The author observes that all fiscal and monetary measures fell in place between 2009 and 2010, awkwardly and imperfectly. “The response to the crisis was ready to retreat but finally the regulators worked,” states Mr. Roubini. He adds that capitalism did not fall apart especially to thehard-hit Iceland but unfortunately not for the whole world. This was good news but according to Mr. Roubini the stability was bought at a big price: bailouts, stimulus plans, guarantees and cost of managing crises doubling United States’ debt as well as the share of the nation’s GDP, causing a deficit of an estimated $9 trillion or even more in the coming decade. According to the writer he sees the American soaring deficit to be exacerbated by bailouts and cut in tax which were implemented during the presidency of George Bush, and borrowing of more money from abroad to be unsustainable and dangerous and could lead to a dollar decline and erosion of the American power on an international stage.

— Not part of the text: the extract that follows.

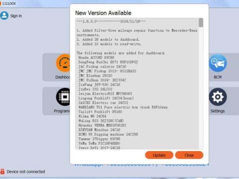 CGDI CG100X Programmer New Version V1.6.3.0 Update on Nov. 16th, 2024: Added filter-free mileage repair function to Mercedes-Benz instruments with…

The author declares that “too big to fall” firms such as Goldman Sachs and Citigroup should be broken up. He insists that the overlapping regulatory agencies which end up creating inefficiencies and gaps that are exploited by banks, should give way to a more centralized and consolidated systems of oversight. He adds that a “beefed up version” of Glass Steagall Act which separates investment banking and commercial banking to be adopted. The author also argues that the United States should and must put into use of the recent crisis as a chance to make meaningful and deep reforms in the financial systems (Roubini and Mihm 101).
Conclusion
The writer concludes that this century will experience persisting and recurring financial crisis meriting the specialized study of crisis economics. Market fundamentalism resulted to the 2008 world wide crisis but multibillion bond systems consisting of incentive brokers and shadow banks were major players to the crisis. Additionally, the leadership of Greenspan Allan in the United States resulted to an increased speculations through monetary expansion maintain a 1% annual rate for quite long time. However, in earlier times low interest called for credit leverage and irresponsible and unrestricted expansion without any government regulation resulting to laissez-faire. Due to this reason, the author advices that reinvention of regulatory bodies and international financial institutions such as International Monetary Fund. More room should be allocated to G-20s economies in making of decisions within the IMF. He insists on a wholesale reform in order to bring the financial system to a heel. He says that it is clear throughout his book that the crisis experienced was less a role of the subprime mortgages than of the subprime financial institutions. Due to the warped compensation structure and corrupt rating agencies, the worldwide financial system was affected from inside to outside. Given that the crisis was as a result of borrowing and excessive leveraging, it is difficult for any nation to recover without the help of the government.
Work Cited
Roubini, Nouriel and Stephen Mihm. Crisis Economics: A Crash Course in the Future of Finance. New York: The penguin Press, 2010. Print.